Nella seconda fase delle vaccinazioni, invece, il governo italiano prevede di vaccinare gli over 60, le persone con patologie pregresse, gli insegnanti e i gruppi socio-demografici più a rischio.

Vaccinando tutti gli over 60 – circa il 30 per cento della popolazione – la riduzione dei decessi potrebbe essere fino al 90 per cento, quella degli ospedalizzati dell’80 per cento e quella delle terapie intensive del 75 per cento. Vaccinando circa un terzo della popolazione si potrebbe ridurre in modo molto considerevole sia il numero di decessi sia la pressione sugli ospedali.

Qui fare delle previsioni diventa però più complicato. Per vaccinare circa il 30 per cento della popolazione, servirebbe somministrare circa 35 milioni di dosi. Ma, come abbiamo visto sopra, anche qui non è dato sapere quali saranno le quantità di vaccini consegnate alla luce dei tagli annunciati dalle case farmaceutiche.

I limiti delle previsioni

Prima di concludere, va ricordato che questi risultati si avrebbero con un vaccino con efficacia al 95 per cento come quelli di Pfizer-BioNTech e di Moderna. Il vaccino sviluppato da AstraZeneca–Università di Oxford dovrebbe essere approvato dall’Agenzia europea per i medicinali (Ema) il prossimo 29 gennaio e le somministrazioni iniziare a metà febbraio, ma molto probabilmente avrà un’efficacia minore; i primi dati attestavano l’efficacia al 70 per cento. In quel caso si vedrebbero effetti minori rispetto a quelli degli altri due vaccini.

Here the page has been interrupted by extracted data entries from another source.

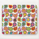 Esta almohadilla de ratón tiene un diseño moderno de mediados de siglo de paisleys enlosados unos encima de otros en colores retro.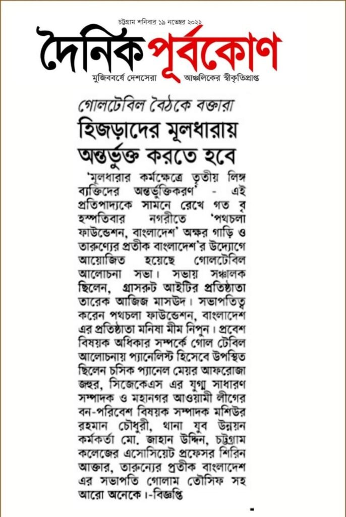 ‘মূলধারার কর্মক্ষেত্রে তৃতীয় লিঙ্গ ব্যক্তিদের অন্তর্ভুক্তিকরণ’—এই প্রতিপাদ্যকে সামনে রেখে চট্টগ্রামে অনুষ্ঠিত হলো একটি গঠনমূলক গোলটেবিল আলোচনা সভা। এই আয়োজন যৌথভাবে করেছে পথচলা ফাউন্ডেশন, বাংলাদেশ, অক্ষর গাড়ি এবং তারুণ্যের প্রতীক বাংলাদেশ।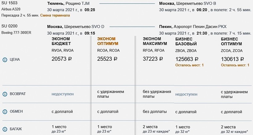 Бизнес-класс у этой авиакомпании предлагается только на маршруте Новосибирск — Пекин, а на первом участке пути возможен полет лишь в классе эконом. Такой билет обойдется вам от 67000 ₽. Цены у S7 также сохраняются в течение всего года, поэтому сэкономить за счет предварительного бронирования авиабилетов не удастся.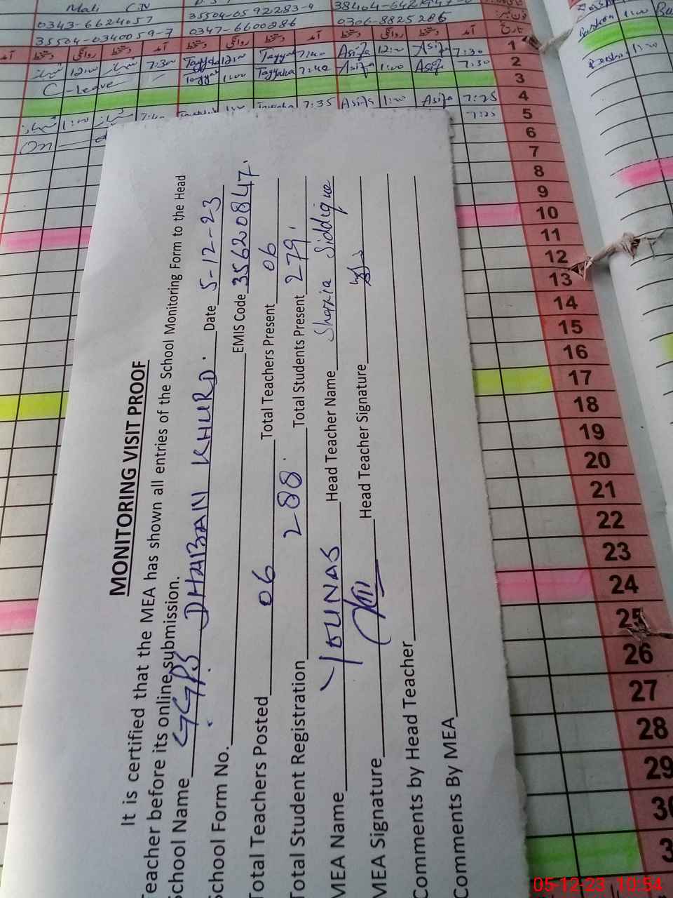 | Attendance Register | Head Teacher | MEA with School | Visit Proof |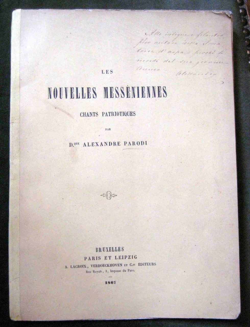 In 8°, pp. 46, (1). Brossura editoriale a stampa gialla (dorso con rinforzo dello stesso colore). Dedica autografa dell'autore al drammaturgo genovese David Chiossone ('. autore della Sonatrice d'arpa').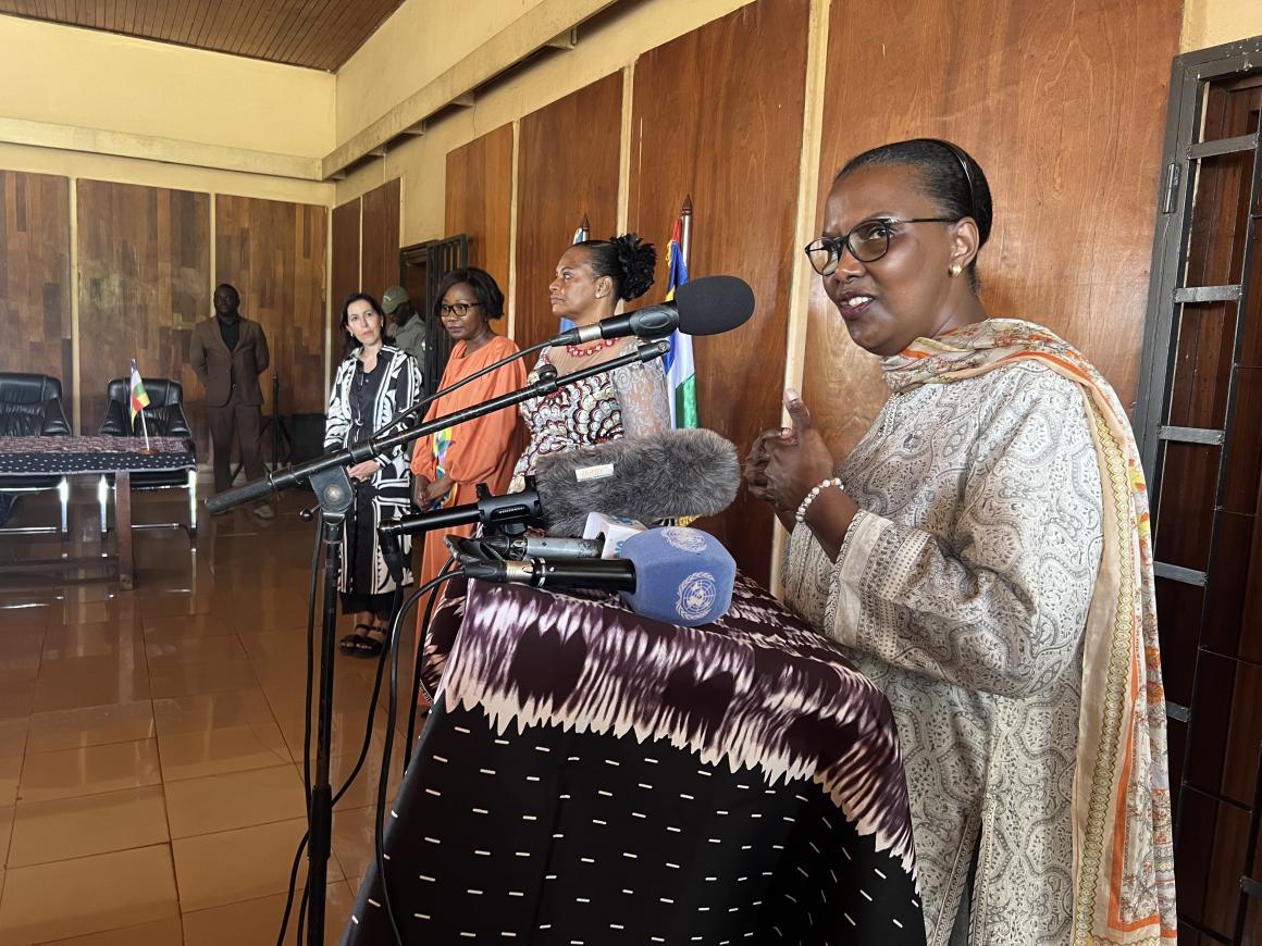 Valentine Rugwabiza, Représentante spéciale du Secrétaire général pour la République centrafricaine et Cheffe de la MINUSCA, ainsi que Meritxell Relano, Représentante de l'UNICEF en République centrafricaine, étaient présentes pour les Nations Unies. Le Gouvernement centrafricain, quant à lui, était représenté par la Ministre des affaires étrangères, de la Francophonie et des Centrafricains de l'étranger, Sylvie Baïpo Témon, et la Ministre de la promotion du genre, de la protection de la femme, de la famille et de l’enfant, Marthe Kirimat.

Bisogna inoltre considerare che esiste il problema dei ritardi di notifica. Come abbiamo spiegato più volte in passato, i casi e i decessi comunicati come giornalieri non sono davvero avvenuti in quel giorno specifico. Si tratta di casi accertati e di decessi avvenuti nei giorni o nelle settimane precedenti e notificati in ritardo al Ministero della Salute.

È quindi possibile che una riduzione dei decessi causata dai vaccini verrà registrata, anche in questo caso, con un po’ di ritardo, perché si staranno ancora registrando i decessi delle settimane precedenti, mentre nei dati legati agli ospedali si dovrebbe vedere prima l’effetto delle vaccinazioni.

In conclusione

Vaccinare un numero ristretto di persone ha un effetto molto grande perché la Covid-19 colpisce in particolar modo gli anziani. Alla fine della fase due del piano vaccinale è quindi possibile iniziare a ipotizzare un ritorno verso la normalità.

Nelle prossime settimane, i primi effetti visibili dei vaccini saranno molto probabilmente un calo della proporzione di operatori sanitari positivi e successivamente una riduzione dei decessi e degli ospedalizzati. È ragionevole attendersi che le terapie intensive saranno però uno degli ultimi indicatori a scendere.

Fare previsioni su quali possano essere le tempistiche a più ampio raggio è invece più complesso per via dei ritardi che si stanno avendo nella produzione e nella consegna dei vaccini. Inoltre, è possibile che i ritardi di notifica impediscano di vedere fin da subito l’effetto delle vaccinazioni.